Advent is a beautiful time of the year, a season of richness and depth that draws us in and invites us to reflection, reorientation, indeed to a new beginning.   For Advent marks the start of a new liturgical year as the long season after Pentecost, six months of green vestments and of sequential reading through Mark’s Gospel that has ended.  In its place we have blue vestments, the Advent Wreath, the pageantry and petition of a litany, hymnody and song that encapsulates the longing and the expectation of this season.  And the beginning of a year with Luke’s gospel.  Advent is a beautiful, short and precious time, but it does not exist for itself. Historically it emerged as a time of preparation for the great feast of Christmas. Just as Lent prepares us for the celebration of resurrection and baptism at Easter, so too Advent serves to prepare us for the great feast of the Incarnation. Many aspects of the season are easy to understand in light of that connection.  Readings from the prophets have a special place of importance, as they tell of a coming savior and his righteous reign.

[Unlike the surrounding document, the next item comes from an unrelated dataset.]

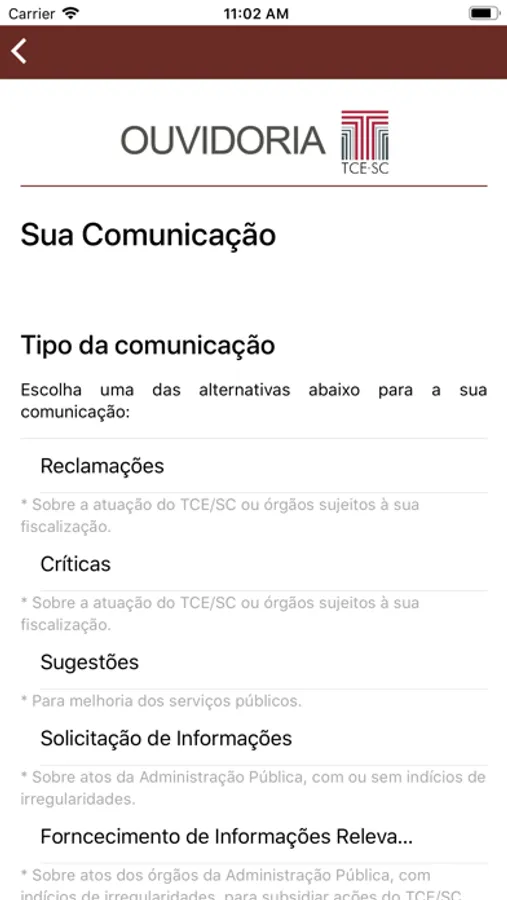 Aqui todo cidadão pode encaminhar críticas e sugestões, além de solicitar informações sobre os serviços prestados pelo próprio TCE/SC e os resultados dos órgãos públicos do Estado e dos municípios catarinenses sujeitos a sua fiscalização.

From the gospels we hear the stories preceding our Lord’s birth, mostly from Luke’s gospel: the Angel Gabriel’s visit to the blessed Virgin Mary; Elizabeth and Mary’s tender encounter after Mary received the Angel’s news; the visit of that same angel, Gabriel, to Zacharia telling him that Elizabeth would bear a son, John the Baptist. These stories are those that logically call to mind for us preparation for Christmas and the birth of Christ. And they are indeed the focus of the latter portion of Advent. Yet there is another theme that is just as important to the season as preparation for the birth of the Christ Child. The word ‘advent’ derives from the Latin meaning ‘coming’ or ‘arrival’, and this season that bears that name focuses on both the first coming of Christ as a humble child born in Bethlehem and the second coming of Christ in power and great glory. The latter is the clear focus of this first Sunday of Advent, and it is to that theme that we must now turn our attention.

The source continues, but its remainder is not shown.